Statue équestre du roi Léopold II, le 10 juin 2020.

Certaines recommandations du rapport du groupe de travail chargé par le gouvernement bruxellois d'alimenter la réflexion sur les symboles de la colonisation dans l'espace public de la capitale s'apparentent à "un saccage en règle de plusieurs monuments historiques", a fulminé jeudi le député bruxellois.MR Gaëtan Van Goidsenhoven.

dénonce un : certaines recommandations du rapport s'apprentent à du saccage

Réagissant au rapport de ce groupe de travail indépendant présenté jeudi, l'élu libéral cite notamment les recommandations prévues pour la statue équestre du roi Léopold II, située place du Trône.

"Vandalisme déguisé"

"La fonte de celle-ci préconisée pour réaliser un autre monument est une forme de vandalisme déguisé. L'option de déplacer la statue pour la rendre invisible dans l'espace public est presque méprisante pour les institutions muséales qui ne sont pas des hangars de récolte des statues dont plus personne ne veut", a-t-il commenté. 

L'historien de formation s'indigne également du sort qui pourrait être réservé à d'autres monuments, comme dans le parc du Cinquantenaire.

"Il est question de créer un dépotoir qui rassemblerait les monuments rejetés.
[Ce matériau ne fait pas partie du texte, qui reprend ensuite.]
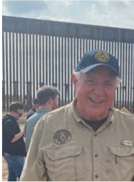
Novak reviewing progress of the border wall program.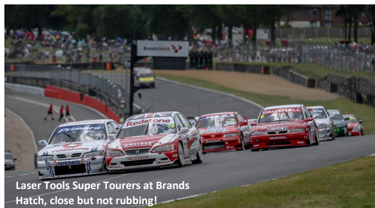
Laser Tools Super Tourers at Brands Hatch, close but not rubbing!

The Laser Tools Super Tourers series comes to Croft on the back of last month's fantastic Super Touring Power festival at Brands Hatch. While it's fair to say the entry here won't quite match the one in Kent (how could it?!), we will still see a wonderful reminder of arguably the best-loved era of the British Touring Car Championship.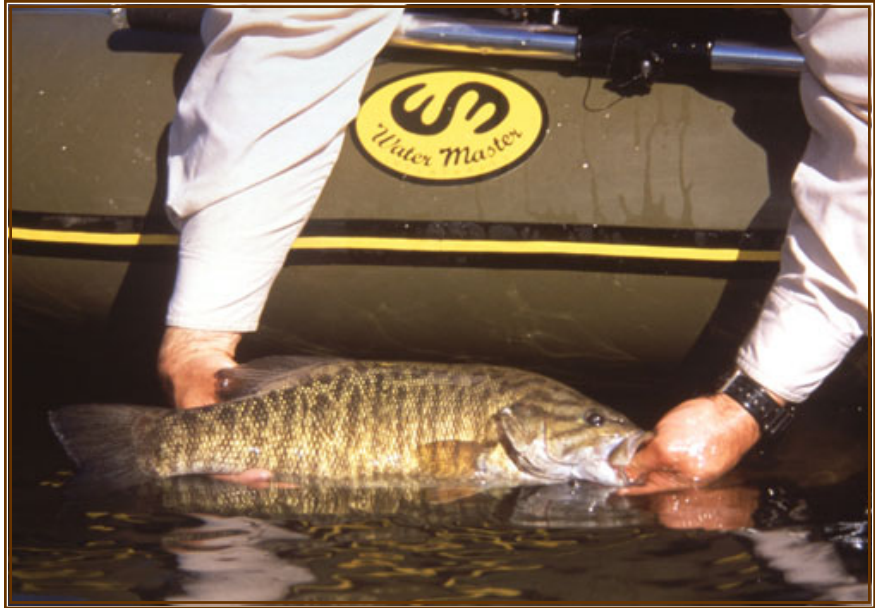
Bronzeback smallmouth bass from the Columbia River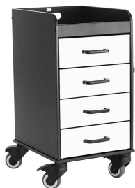
PN: 53426 White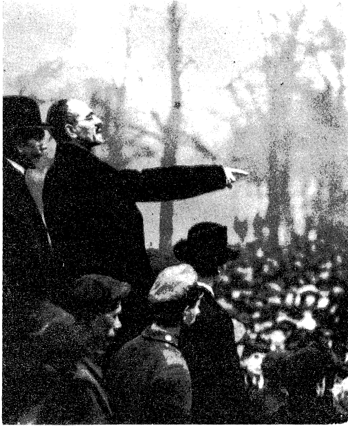
Karl Liebknecht speaks in Berlin

The coal and iron industry in Germany, Liebknecht continued, compared favorably with that in the United States. "Yet where will you find in Germany — monarchical, army-ridden Germany — a city that compares in its misery and hopelessness and stupidity with that plague spot of Pittsburgh? Why, Pittsburgh is simply hell with the lid off."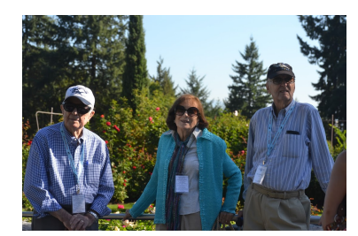
Our hosts arranged a visit to the Rose Garden and a wonderful bus tour of the city.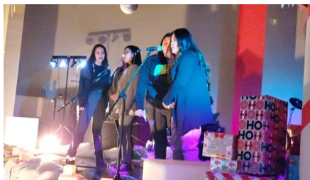
High School Students singing Rocking Around the Christmas Tree during the Christmas Concert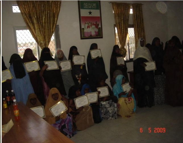
Photo of girls taught reading and writing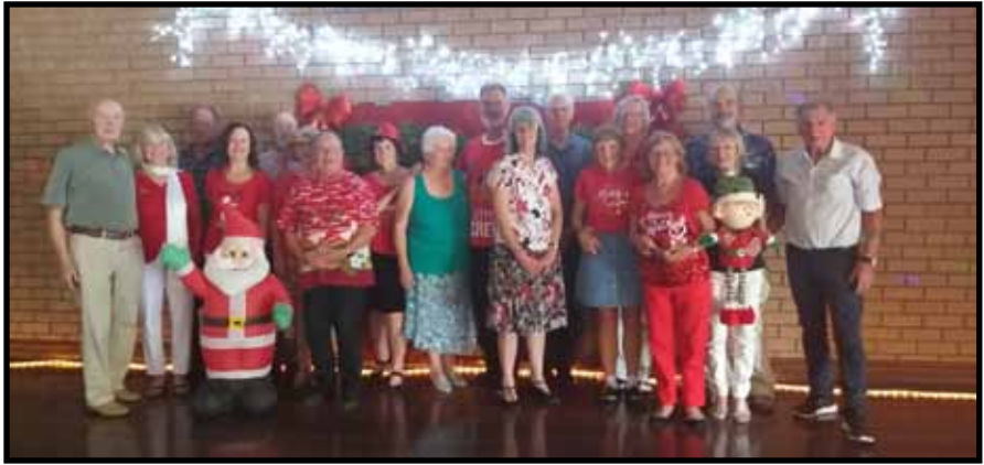
PELICAN PROMENADERS CHRISTMAS DANCE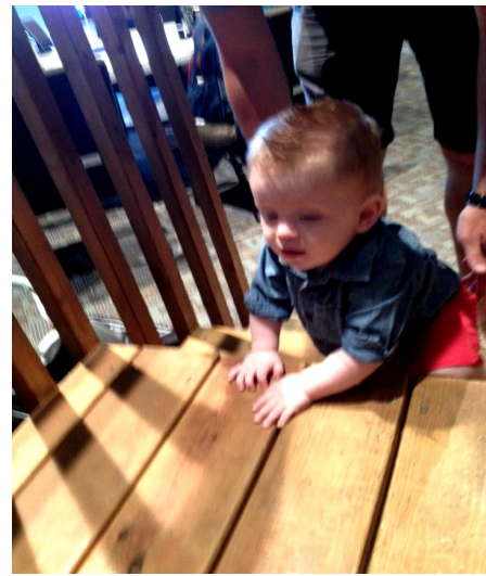
Children were able to play in the treehouse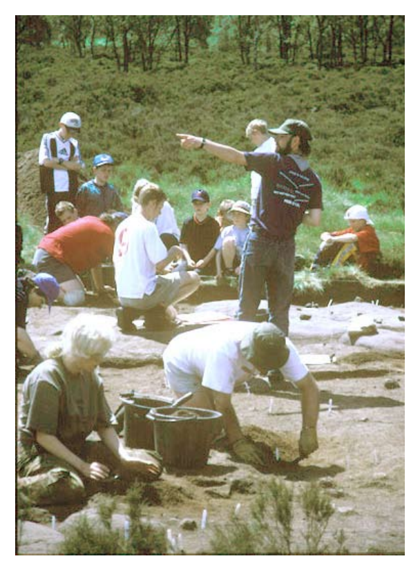
Public archaeology project, Gardom's Edge

Like the Management Plan, the Cultural Heritage Strategy is intended for everyone who has a stake in the National Park. To that end, its development has been informed by consultation with representatives of the multiplicity of individuals and stakeholder groups – communities, businesses, organisations – so that a wide range of views could be taken into account.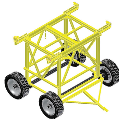
4 WHEEL TRAVEL DOLLY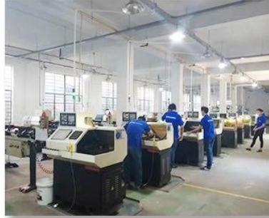
2. Lathe workshop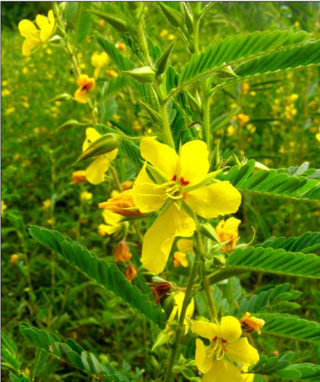
Flowers of common partridge pea are large enough to be showy.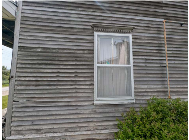
East Window View ( Facing West )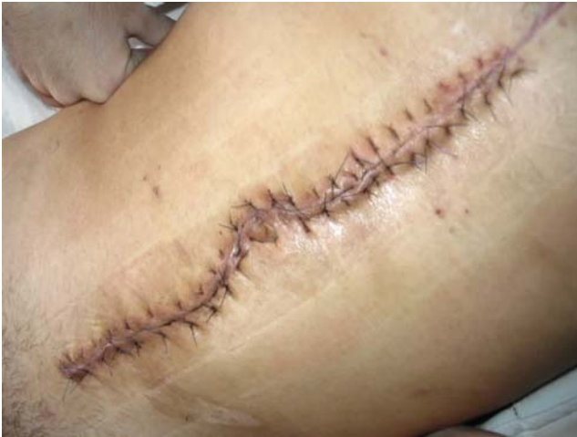
Figure 12. Final situation after secondary wound closure.

nursing. Transparency of the so-called Bogota bag as part of Bogota-VAC allows continuous assessment of the intestinal bowel and for early detection of perfusion changes, caused for example, by ischemia at an earlier time point compared to conventional VAC system. As a result, early surgical intervention can be performed if needed. Well-known complications of the application of conventional VAC system in conditions of open abdomen include progressive ACS and fistula formations [7, 12, 13]. These problems may be prevented using the Bogota-VAC: a recent in vitro study using bag silo closure measured a VRC of approximately 3,000 ml [9]. Therefore, the Bogota bag part of Bogota-VAC demonstrated highest VRC of all TAC techniques and helped to prevent ACS.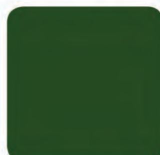
Cypress Green Pearl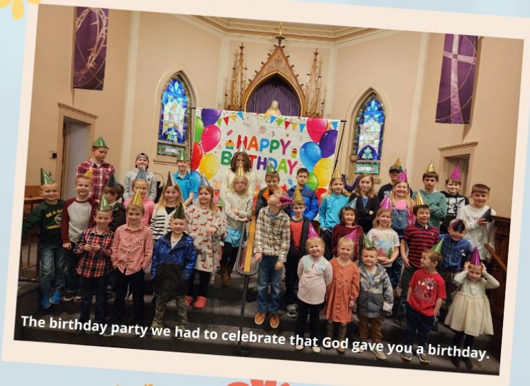
The birthday party we had to celebrate that God gave you a birthday.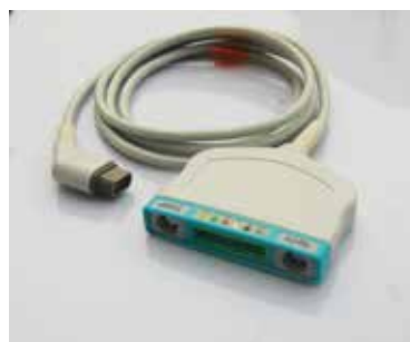
Multipod Trunk Cable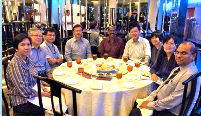
SCGM Executive Council meeting cum food tasting dinner in Jul 13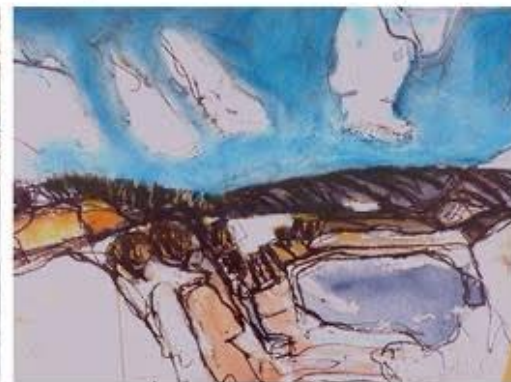
Sally Erb Surprise Acrylic on canvas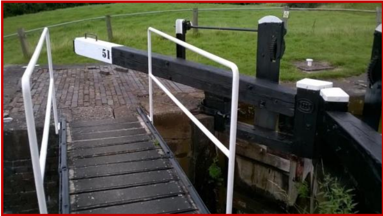
Lock 51 Finished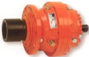
PLANETARY REDUCERS & GEAR MOTORS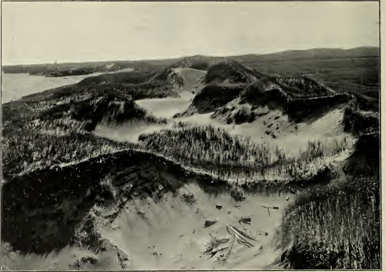
THE SAND DUNES OF PRINCE EDWARD ISLAND.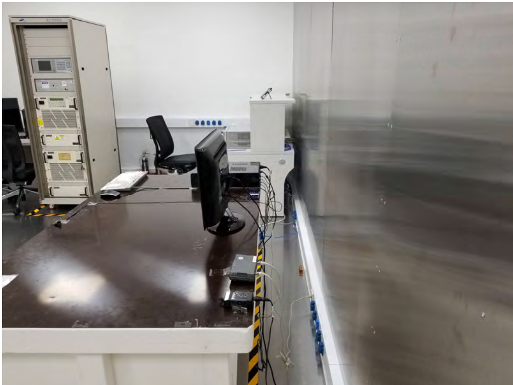
[ Conducted Disturbance – Rear ]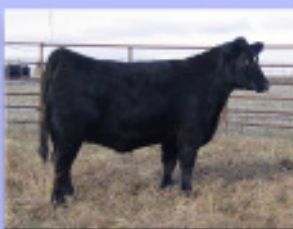
GA 028X - Full Sib to Embryos Selling as Lot 69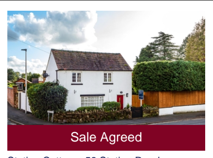
Station Cottage, 58 Station Road, Albrighton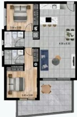
Flat 102 / 202* / 302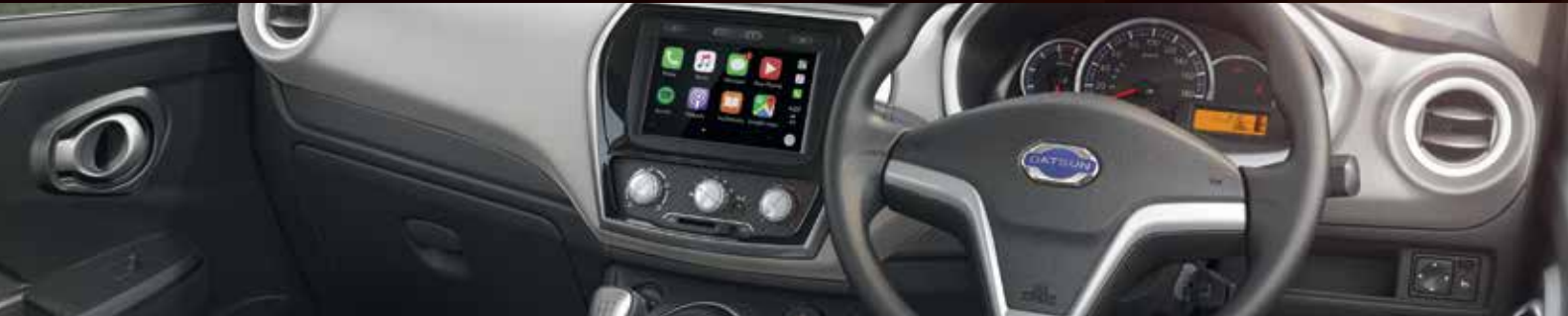
Dual Tone Premium Interiors

Turn heads on the road with a dazzling range of new generation features.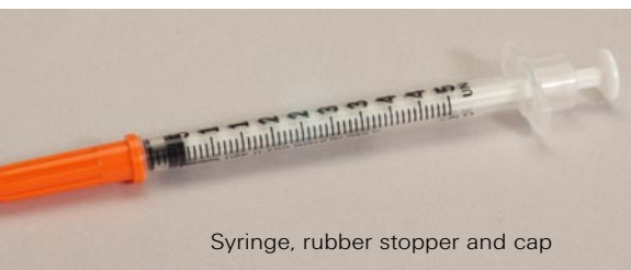
Syringe, rubber stopper and cap

the lantern, use a syringe to make a hole in the rubber stopper from a hypodermic syringe. The stopper will help hold the grain of wheat or rice steady.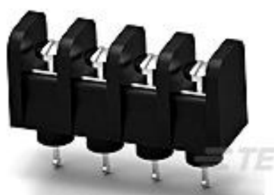
TE Part # 1776858-6 SSB7TP060101=TERM BLOCK ASSY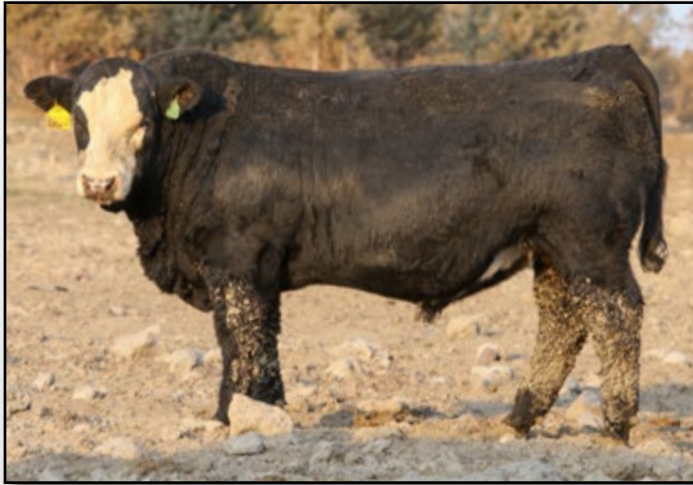
Lot 39 - BAR CK 4856B 6284D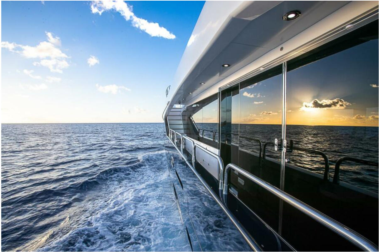
Sliding Doors And The Sun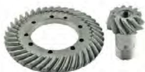
Ring gear & pinion gear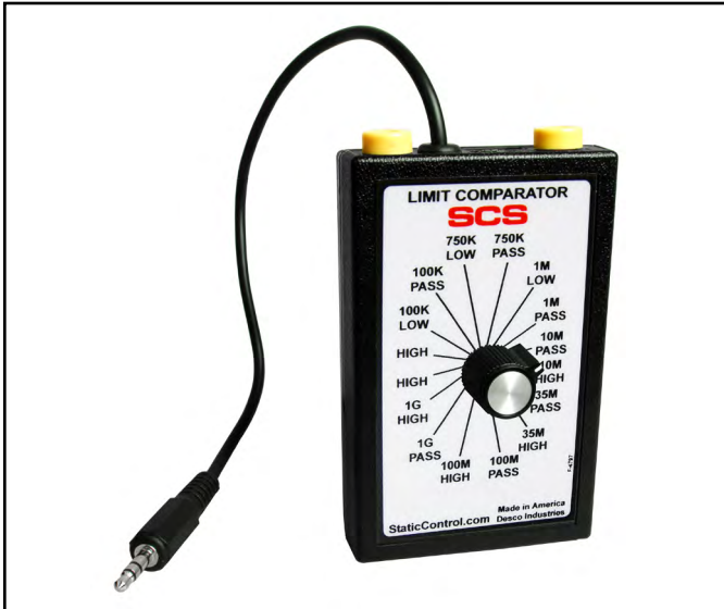
Figure 1. SCS 770751 Limit Comparator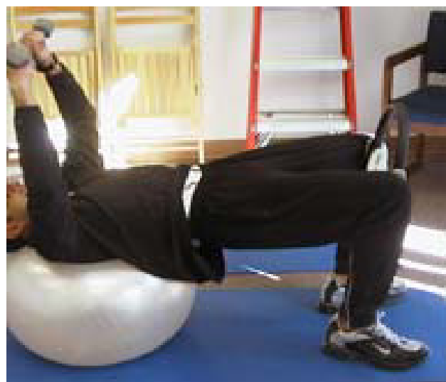
Figure 2 Bridging with shoulders on a ball.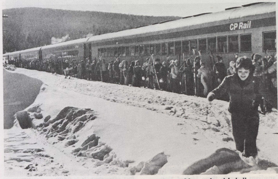
"Le P'tit train du Nord" provides regular service between Montreal and Labelle.

The Laurentian ski train returns to the rails this winter. Called "Le P'tit Train du Nord", it ran for eight Sundays and carried over 1,000 people per trip last year. Encouraged by the turnout, the organizers - the Laurentian Tourist Association and the Laurentian Regional Development Council - have added a Saturday train.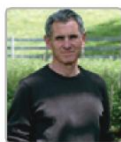
Jon Kabat-Zinn Keynote: Mindfulness in Medicine and Psychology - Lessons from the Past and Challenges for the Future Workshop: Mindfulness in Medicine and Psychology - A First-Hand Taste and Clinical Applications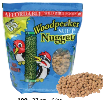
109 • 27 oz. • 6/cs. Woodpecker Suet Nuggets™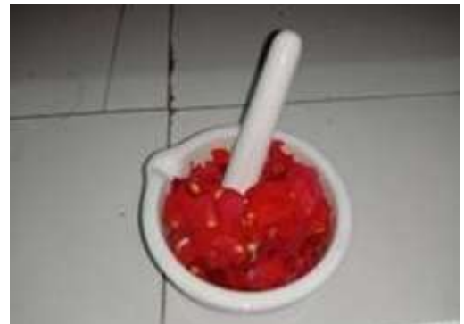
Figure8:Preparation of Rose petal soil extract

Cela montre bien que la liquidation du passé fait partie de l'objectif poursuivi, contrairement à ce que semblent indiquer les remarques préliminaires du rapport", a-t-il ajouté.

L'élu MR remarque qu'il n'est désormais plus question de "recontextualisation", comme le prônait son parti il y a deux ans dans une proposition de résolution.

Pour lui, "on ne construit pas le futur collectif sur les débris du passé, mais en considérant le passé dans sa globalité, pour construire de nouveaux monuments et des espaces publics porteurs des valeurs actuelles". 

Si ces recommandations devaient être suivies d'effet, elles pourraient constituer un dangereux précédent pour les éléments iconographiques historiques présents dans l'espace public : "on pourrait en arriver à remettre en question la présence d'éléments évoquant Charles Quint, considérant qu'ils font référence à un Empire colonial à effacer de la mémoire collective", a-t-il conclu.